━━━ Records shown ━━━

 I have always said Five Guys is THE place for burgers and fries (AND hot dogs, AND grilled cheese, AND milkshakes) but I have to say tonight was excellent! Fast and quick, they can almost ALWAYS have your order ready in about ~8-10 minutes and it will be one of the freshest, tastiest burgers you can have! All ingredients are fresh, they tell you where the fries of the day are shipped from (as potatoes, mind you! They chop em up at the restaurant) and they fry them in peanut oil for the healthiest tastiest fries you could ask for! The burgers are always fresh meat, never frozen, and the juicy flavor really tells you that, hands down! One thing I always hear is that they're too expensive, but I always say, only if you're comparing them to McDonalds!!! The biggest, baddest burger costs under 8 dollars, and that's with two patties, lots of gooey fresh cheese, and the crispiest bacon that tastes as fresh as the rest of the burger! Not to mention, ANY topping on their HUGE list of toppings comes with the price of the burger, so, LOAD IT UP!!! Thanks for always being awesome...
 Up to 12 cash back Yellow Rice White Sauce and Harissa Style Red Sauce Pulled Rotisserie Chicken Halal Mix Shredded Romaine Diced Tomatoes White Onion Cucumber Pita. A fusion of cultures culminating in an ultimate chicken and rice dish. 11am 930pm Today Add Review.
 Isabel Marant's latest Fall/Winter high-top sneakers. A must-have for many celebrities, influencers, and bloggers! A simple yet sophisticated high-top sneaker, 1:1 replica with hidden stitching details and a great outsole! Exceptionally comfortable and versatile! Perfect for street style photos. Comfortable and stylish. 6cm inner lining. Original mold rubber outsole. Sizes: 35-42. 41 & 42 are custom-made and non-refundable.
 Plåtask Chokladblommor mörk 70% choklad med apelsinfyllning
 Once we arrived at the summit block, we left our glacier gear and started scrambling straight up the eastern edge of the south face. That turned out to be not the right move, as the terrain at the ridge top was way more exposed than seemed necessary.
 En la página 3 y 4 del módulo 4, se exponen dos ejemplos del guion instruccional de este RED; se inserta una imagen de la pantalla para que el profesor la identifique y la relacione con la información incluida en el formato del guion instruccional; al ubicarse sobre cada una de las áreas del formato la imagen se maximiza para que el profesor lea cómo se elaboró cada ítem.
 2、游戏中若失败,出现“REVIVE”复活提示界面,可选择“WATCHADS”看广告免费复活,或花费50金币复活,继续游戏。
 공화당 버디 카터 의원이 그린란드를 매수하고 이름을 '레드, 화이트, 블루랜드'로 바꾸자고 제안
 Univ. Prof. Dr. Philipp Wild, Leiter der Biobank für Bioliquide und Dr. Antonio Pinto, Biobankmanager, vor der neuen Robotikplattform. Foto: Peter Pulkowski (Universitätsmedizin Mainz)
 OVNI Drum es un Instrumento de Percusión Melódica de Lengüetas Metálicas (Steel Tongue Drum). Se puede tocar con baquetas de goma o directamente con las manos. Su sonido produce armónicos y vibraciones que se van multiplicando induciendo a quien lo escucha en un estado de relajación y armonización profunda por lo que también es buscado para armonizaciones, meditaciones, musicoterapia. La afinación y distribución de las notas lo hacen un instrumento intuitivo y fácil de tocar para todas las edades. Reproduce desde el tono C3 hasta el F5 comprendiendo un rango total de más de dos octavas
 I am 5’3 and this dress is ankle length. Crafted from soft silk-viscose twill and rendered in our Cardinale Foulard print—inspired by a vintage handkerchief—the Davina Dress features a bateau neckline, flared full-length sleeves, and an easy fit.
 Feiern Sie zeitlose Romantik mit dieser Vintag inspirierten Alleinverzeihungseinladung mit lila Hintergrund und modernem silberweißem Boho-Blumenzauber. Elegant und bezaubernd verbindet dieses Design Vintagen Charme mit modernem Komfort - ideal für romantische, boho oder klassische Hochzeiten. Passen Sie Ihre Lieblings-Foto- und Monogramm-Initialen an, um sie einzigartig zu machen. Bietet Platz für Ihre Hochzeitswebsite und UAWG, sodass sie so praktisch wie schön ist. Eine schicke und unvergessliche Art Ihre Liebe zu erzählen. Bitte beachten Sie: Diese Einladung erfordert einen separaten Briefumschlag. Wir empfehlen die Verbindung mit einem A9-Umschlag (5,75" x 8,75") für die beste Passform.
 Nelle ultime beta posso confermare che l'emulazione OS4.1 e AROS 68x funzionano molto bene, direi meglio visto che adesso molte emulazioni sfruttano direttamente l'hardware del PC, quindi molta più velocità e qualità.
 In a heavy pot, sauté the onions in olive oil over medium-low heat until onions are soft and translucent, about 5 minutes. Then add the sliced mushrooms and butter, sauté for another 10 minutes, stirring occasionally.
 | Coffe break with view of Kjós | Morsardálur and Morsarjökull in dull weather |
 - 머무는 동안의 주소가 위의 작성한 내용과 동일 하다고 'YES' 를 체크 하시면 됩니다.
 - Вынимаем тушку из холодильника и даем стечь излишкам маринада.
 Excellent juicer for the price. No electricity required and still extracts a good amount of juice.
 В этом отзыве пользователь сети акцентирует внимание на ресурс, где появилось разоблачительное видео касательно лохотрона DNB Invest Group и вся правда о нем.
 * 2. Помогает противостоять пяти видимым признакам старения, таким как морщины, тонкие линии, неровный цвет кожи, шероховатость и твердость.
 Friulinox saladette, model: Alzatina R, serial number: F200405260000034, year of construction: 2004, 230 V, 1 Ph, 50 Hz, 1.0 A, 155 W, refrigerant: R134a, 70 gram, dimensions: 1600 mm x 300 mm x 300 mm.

━━━

[Problem description]
Show the lines above that have the word "minutes".

[Solution to the exercise]
 I have always said Five Guys is THE place for burgers and fries (AND hot dogs, AND grilled cheese, AND milkshakes) but I have to say tonight was excellent! Fast and quick, they can almost ALWAYS have your order ready in about ~8-10 minutes and it will be one of the freshest, tastiest burgers you can have! All ingredients are fresh, they tell you where the fries of the day are shipped from (as potatoes, mind you! They chop em up at the restaurant) and they fry them in peanut oil for the healthiest tastiest fries you could ask for! The burgers are always fresh meat, never frozen, and the juicy flavor really tells you that, hands down! One thing I always hear is that they're too expensive, but I always say, only if you're comparing them to McDonalds!!! The biggest, baddest burger costs under 8 dollars, and that's with two patties, lots of gooey fresh cheese, and the crispiest bacon that tastes as fresh as the rest of the burger! Not to mention, ANY topping on their HUGE list of toppings comes with the price of the burger, so, LOAD IT UP!!! Thanks for always being awesome...
 In a heavy pot, sauté the onions in olive oil over medium-low heat until onions are soft and translucent, about 5 minutes. Then add the sliced mushrooms and butter, sauté for another 10 minutes, stirring occasionally.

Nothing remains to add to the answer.